Brian Kieft

Efficient propulsion for the Tethys long-range autonomous underwater vehicle

The Tethys autonomous underwater vehicle (AUV) is a 110 kg vehicle designed for long-range, high- endurance operations. Performance goals include supporting a payload power draw of 8 W for a range of 1000 km at 1 m/s, and a power draw of 1 W for 4000 km at 0.5 m/s. Achieving this performance requires minimizing drag and maximizing propulsion efficiency. In this paper, we present the design of the propulsion system, explore the issues of propeller-hull interactions, and present preliminary test results of power consumption and efficiency. In recent underwater experiments, the propulsion systems power consumptions were measured in both Bollard pull tests and during the vehicles flights. Preliminary results of power consumptions and efficiency are shown to be close to the theoretical predictions.

Tethys-class long range AUVs - extending the endurance of propeller-driven cruising AUVs from days to weeks

Most existing propeller-driven, cruising AUVs operate with a support ship and have an endurance of about one day. However, many oceanographic processes evolve over days or weeks, requiring propeller-driven vehicles be attended by a ship for complete observation programs. The Monterey Bay Aquarium Research Institute (MBARI) developed the 105 kg propeller-driven Tethys AUV to conduct science missions over periods of weeks or even months without a ship [1]. Here we describe a three week deployment covering 1800 km at a speed of 1 m/s, supporting sensor power levels averaging 5 watts. Unlike buoyancy driven gliders, Tethys uses a propeller that allows level flight and a variable speed range of 0.5 - 1.2 m/s. The extended endurance enables operations in remote locations like under the ice, across ocean basins in addition to enabling continuous presence in smaller areas. Early success led to the construction of a second Tethys-class AUV with a third in planning. An AUV docking station that can be mated to a cabled observatory or standalone mooring is in development to further extend Tethys endurance.

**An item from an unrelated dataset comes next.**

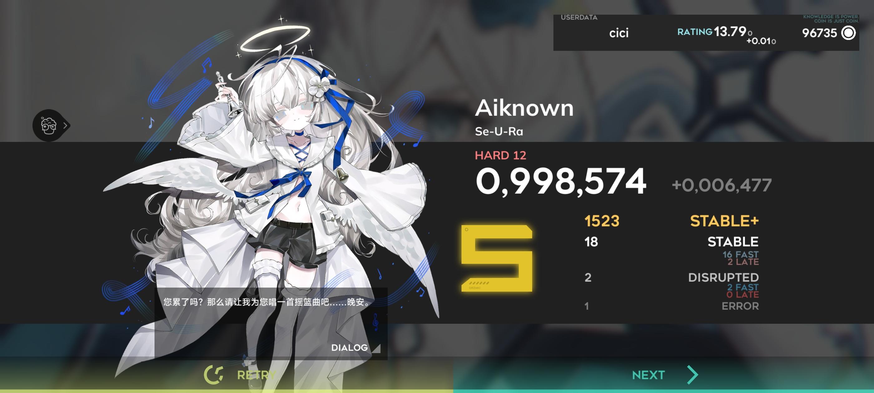 打完Arc随手打了两把,竟然恢复了点手感,第三遍竟然性了😡😡😡然后恢复了一波,这时神秘人出现鼓励了我,于是我成功收掉11.9第二收!(这下收的歌不水了吧)猜猜这个神秘人是谁()
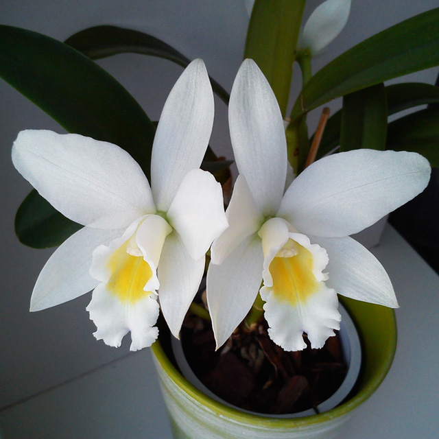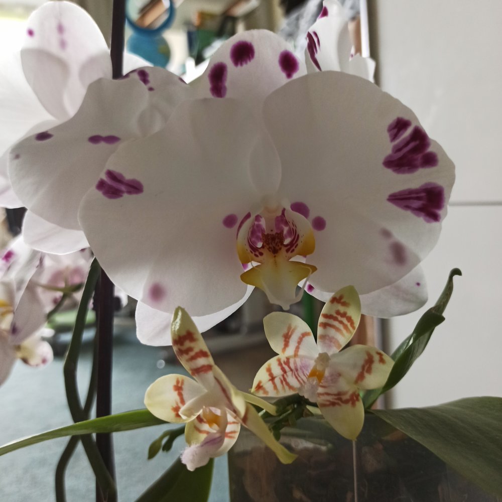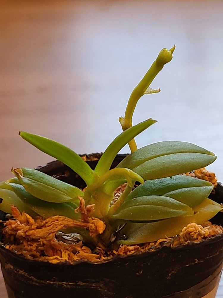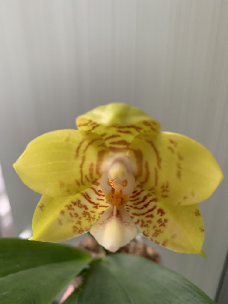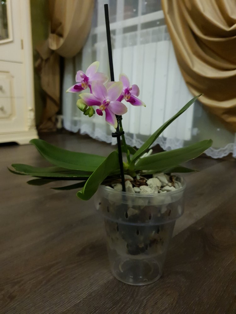 Очаровательная малышка Cattleya Hawaiian Splash ‘Lea’ вспыхнула яркими красками. Спустя полгода после получения проклюнулся цветонос. Цветение получилось скромным, и от этого, кажется, орхидея выглядела ещё милее.

Thermocline tracking based on peak-gradient detection by an autonomous underwater vehicle

Thermoclines play a key role in ocean circulation, marine ecology, and underwater acoustics. In oceanographic surveys, it is often desirable to detect the thermocline and track its spatio-temporal variation. Mobility of an autonomous underwater vehicle (AUV) makes it an efficient platform for thermocline tracking. In this paper, we present a fully autonomous algorithm for detecting and tracking the thermocline by an AUV. The key is detection of the peak gradient of temperature. We have tested the algorithm by post-processing data from a previous Dorado AUV survey over the northern Monterey Bay shelf. We are in preparation for field tests of the algorithm on the newly developed long-range AUV Tethys.

Scripting language for state configured layered control of the Tethys long range autonomous underwater vehicle

A scripting language for state configured layered control of a long range autonomous underwater vehicle (AUV) is introduced. The XML-based language has been designed to meet the complex requirements for long-term autonomous operation. It does not require that mission planners be programmers, yet allows them to have a high degree of certainty at deployment that the robot will do what they want it to do. The script is simple to execute on the vehicle, both to minimize CPU power usage and to minimize the chance of failure due to complexity. Users do not need a high-fidelity model of the AUV to plan a mission, as the robot may change in unexpected ways over the course of the mission. Those who wish to do more advanced programming of mission commands and behaviors can do so in the script and are not able to crash the vehicles operating system. To address these needs, the “Tethys script” state-configured layered control language has been developed.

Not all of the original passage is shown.